Just another few kilometres down the road, last week the township of Olievenhoutbosch exploded in a service delivery protest over lack of adequate housing in the area. We are working to link up the three neighbouring communities into a united service delivery protest of the whole of Pretoria West.
With the crucial support of the Congress of South African Non-Racial Civic Movements (COSANCOM) in the townships around Johannesburg – Alexandra, Tembisa, Freedom Park and Soweto – WASP supporters have been out putting up posters and fixing boards to lampposts. In the Vaal, the Working Class Coordinating Committee (organised in ten Vaal townships) called for a WASP vote and is working hard to campaign for us.
The Bekkersdaal community – famous for its militant struggle for basic services and its call to boycott the elections – is reversing that position and giving its support to WASP. A mass community meeting will take place there on 27 April – the commemoration of 20 years of ‘freedom’ – and WASP is to be given a platform and endorsed by the community leadership.
In Limpopo, comrades are visiting rural villages daily, holding public meetings and winning support from WASP. Across the entire province community members can be seen wearing their WASP T-shirts with pride.
The Socialist Youth Movement is also taking off, with branches now established in numerous university and college campuses in several provinces with Limpopo in first place. Secondary school students are enthusiastic campaigners in Limpopo and Gauteng.

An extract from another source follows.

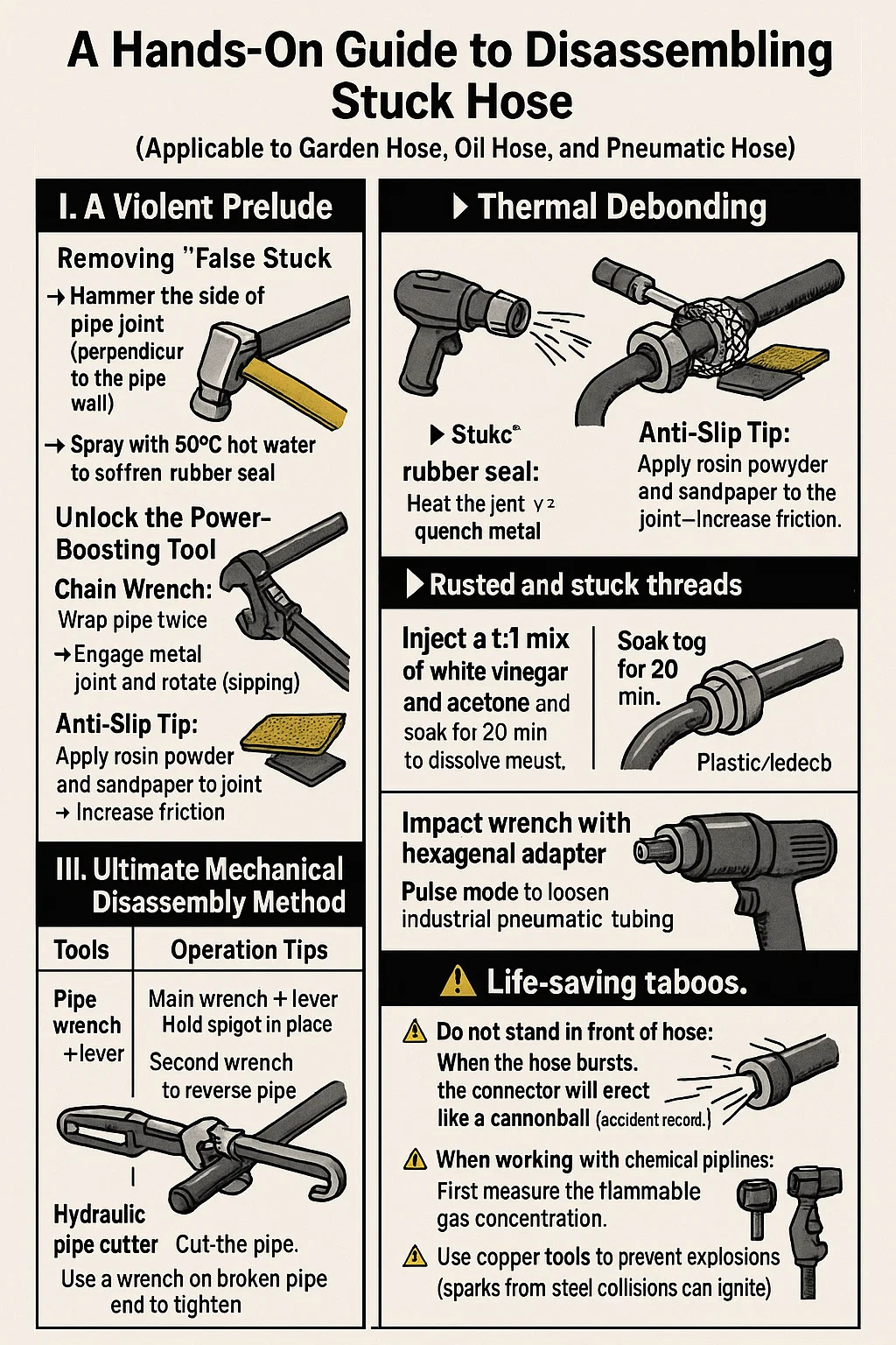 یک راهنمای دستی برای جدا کردن شیلنگ گیر کرده

Campaigning is taking place in the other major cities of Durban and Cape Town too, with an important base of support at the Numsa-organised Toyota factory in Durban and across the small industrial sites in Cape Town. In the Western Cape, the shack dwellers’ movement Abahlali baseMjondolo has decided to join COSANCOM and WASP.
WASP has won important bases of support amongst members and shop stewards of the National Union of Metalworkers of South Africa (Numsa). Numsa’s December special congress voted to withdraw support from the ANC in the 2014 election. In the Free State, Cape Town, Tembisa, Klerksdorp, Krugersdorp, Witbank, Rustenburg and elsewhere, WASP is working closely with Numsa members to turn out the vote for WASP. In the Gauteng goldfields, WASP supporters are active in the townships and hostels around the mines campaigning at many shafts including Kusaselethu, KDC East, KDC West, Anglo Gold Ashanti and Westonaria shafts. On the East and West rand – the industrial heartland of the country – WASP supporters are campaigning at the huge factories. WASP’s presidential candidate – Moses Mayekiso – is still recognised by workers here after his many years as a metalworkers’ trade union organiser in the area.
WASP is the only workers’ party standing in the election. Despite an increasing silence from the media on WASP and the disappointing decision of the entire left in South Africa not to call for a vote for WASP but rather to either spoil ballots or vote ‘against’ the ANC, we remain confident that we will win enough votes to secure representation in the National Assembly. This will be a crucial bridgehead in the development of a mass workers’ party in the coming months and years. WASP is playing the role of a pioneer assembling the forces that can achieve this historic task.